One could multiply examples of compassion trumping morality. In fact our society is constantly doing just that. We are told to have compassion for the homosexual, which is good as long as it does not overrule the sixth and ninth commandments. Compassion for women in difficult pregnancies should not lead us to sweep aside the fifth. The falseness of such compassion would become clearer if I gave examples that almost everyone considers wrong: rape, wife abuse, pedophilia, drunken driving, etc. Any compassion we could muster for a rapist or pedophile would never lead us to justify his behavior.
Jesus warns us against a false and destructive compassion by situating his story of the Good Samaritan in the context of the ten commandments. It might be said that the commandments give us the framework for practicing true compassion. Compassion is something like a glowing fire. If it is held within the frame of a fireplace, it gives warmth and light to the home. But pull it out of that frame and pretty soon the whole house is burned down.
This month we celebrate the anniversary of an act that combined compassion with truth. Thirty years ago on July 25 Pope Paul VI published his famous encyclical Humanae Vitae. He told us the truth about the meaning and purpose of human sexuality--that it can be used only in marriage and there must always remain open to the procreation of life. Some people condemned it for lacking compassion to married couples. Thirty years later we can see he had the truest compassion. Non-Catholic sociologists are beginning to realize the disastrous consequences of such widespread contraception: premarital cohabitation with all the suffering it has caused, loss of communication and respect between spouses, marital infidelity and breakdown, disorientation of children, degradation of women, etc. These consequences of birth control were predicted by Pope Paul VI. One other thing he predicted was what I mentioned earlier in the current attempt to force all of us to pay for abortifacient forms of "birth control." He predicted that widespread acceptance of artificial birth control would lead to a blurring of the line between contraception and abortion. That of course has happened and is gradually leading to an acceptance of infanticide as the current debate over "partial birth abortion" makes clear.
The message for this Sunday: Compassion. Compassion with Truth. Compassion within the Moral Law.

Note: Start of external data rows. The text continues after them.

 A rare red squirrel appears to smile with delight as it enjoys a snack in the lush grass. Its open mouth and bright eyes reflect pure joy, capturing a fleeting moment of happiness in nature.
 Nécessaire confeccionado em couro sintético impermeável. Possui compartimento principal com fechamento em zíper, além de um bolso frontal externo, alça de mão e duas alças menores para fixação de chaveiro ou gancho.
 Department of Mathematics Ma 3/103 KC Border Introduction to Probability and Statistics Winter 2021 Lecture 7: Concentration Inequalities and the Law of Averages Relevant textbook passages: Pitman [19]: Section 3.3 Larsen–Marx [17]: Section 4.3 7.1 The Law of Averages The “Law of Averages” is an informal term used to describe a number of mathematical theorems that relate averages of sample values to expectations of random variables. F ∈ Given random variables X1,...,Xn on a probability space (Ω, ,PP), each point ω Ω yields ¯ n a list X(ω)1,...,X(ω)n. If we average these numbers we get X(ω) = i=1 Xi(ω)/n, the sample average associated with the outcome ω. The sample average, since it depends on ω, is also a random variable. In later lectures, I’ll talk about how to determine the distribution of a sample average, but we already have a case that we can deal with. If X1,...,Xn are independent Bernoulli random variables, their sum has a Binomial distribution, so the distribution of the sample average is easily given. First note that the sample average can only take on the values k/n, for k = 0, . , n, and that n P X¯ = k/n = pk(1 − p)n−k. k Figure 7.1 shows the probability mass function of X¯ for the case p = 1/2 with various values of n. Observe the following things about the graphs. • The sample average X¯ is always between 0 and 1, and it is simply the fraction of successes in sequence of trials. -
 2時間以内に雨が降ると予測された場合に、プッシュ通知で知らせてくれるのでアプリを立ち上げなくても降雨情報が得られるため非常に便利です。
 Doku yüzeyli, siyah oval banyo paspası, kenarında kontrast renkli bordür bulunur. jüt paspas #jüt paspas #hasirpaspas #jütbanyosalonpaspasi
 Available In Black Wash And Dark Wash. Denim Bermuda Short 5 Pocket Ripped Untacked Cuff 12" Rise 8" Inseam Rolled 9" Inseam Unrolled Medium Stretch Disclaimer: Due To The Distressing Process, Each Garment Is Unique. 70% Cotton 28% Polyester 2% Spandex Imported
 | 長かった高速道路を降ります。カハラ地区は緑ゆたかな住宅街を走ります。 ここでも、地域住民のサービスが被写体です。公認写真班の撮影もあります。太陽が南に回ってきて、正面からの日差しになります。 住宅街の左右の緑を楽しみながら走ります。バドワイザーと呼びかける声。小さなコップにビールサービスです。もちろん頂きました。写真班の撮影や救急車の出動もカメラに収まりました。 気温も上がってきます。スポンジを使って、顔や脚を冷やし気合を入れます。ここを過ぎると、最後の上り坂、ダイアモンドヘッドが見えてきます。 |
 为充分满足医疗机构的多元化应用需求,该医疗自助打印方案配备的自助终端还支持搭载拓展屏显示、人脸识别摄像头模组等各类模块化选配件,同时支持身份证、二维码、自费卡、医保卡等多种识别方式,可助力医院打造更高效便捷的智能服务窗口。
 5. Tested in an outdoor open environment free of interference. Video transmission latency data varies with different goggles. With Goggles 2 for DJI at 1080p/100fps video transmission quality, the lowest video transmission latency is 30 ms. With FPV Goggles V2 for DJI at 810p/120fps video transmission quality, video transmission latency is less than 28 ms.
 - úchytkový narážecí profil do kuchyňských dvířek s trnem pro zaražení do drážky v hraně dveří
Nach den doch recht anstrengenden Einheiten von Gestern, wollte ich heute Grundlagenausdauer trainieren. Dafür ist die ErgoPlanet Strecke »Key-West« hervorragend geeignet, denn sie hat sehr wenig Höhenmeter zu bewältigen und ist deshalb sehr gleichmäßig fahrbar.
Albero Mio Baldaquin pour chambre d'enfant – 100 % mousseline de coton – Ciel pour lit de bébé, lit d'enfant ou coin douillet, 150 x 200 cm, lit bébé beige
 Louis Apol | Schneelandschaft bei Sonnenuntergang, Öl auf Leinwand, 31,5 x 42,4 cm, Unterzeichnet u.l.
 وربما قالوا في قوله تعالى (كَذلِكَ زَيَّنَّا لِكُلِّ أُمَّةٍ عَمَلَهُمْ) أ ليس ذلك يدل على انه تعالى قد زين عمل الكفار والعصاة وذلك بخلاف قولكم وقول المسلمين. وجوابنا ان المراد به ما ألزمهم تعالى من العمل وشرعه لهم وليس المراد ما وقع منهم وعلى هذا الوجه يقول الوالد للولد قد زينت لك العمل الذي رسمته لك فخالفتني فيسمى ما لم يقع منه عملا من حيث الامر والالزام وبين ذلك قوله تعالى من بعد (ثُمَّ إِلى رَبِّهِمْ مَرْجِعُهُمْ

As you can surmise, I am concerned about a misuse of the parable to the Good Samaritan. Another approach which would also avoid the common pitfall (compassion trumps morality) is the patristic one. For the Church Fathers the man beaten by robbers is humanity. The Good Samaritan is Jesus who takes compassion on us, heals our wounds with oil and wine (the sacraments), places us on his own mount (the cross) and takes us to an inn (the Church). The two coins are the twin commandments of love of God and neighbor, a debt we could never pay on our own, but which Jesus has paid for us. The command to "Go and do the same" is to recognize the compassion Jesus has shown to each of us and ask his help to extend that compassion to other. In this approach we avoid the fatal error of concluding we have some kind of personal righteousness (our supposed compassion) which saves us apart from Jesus' mercy.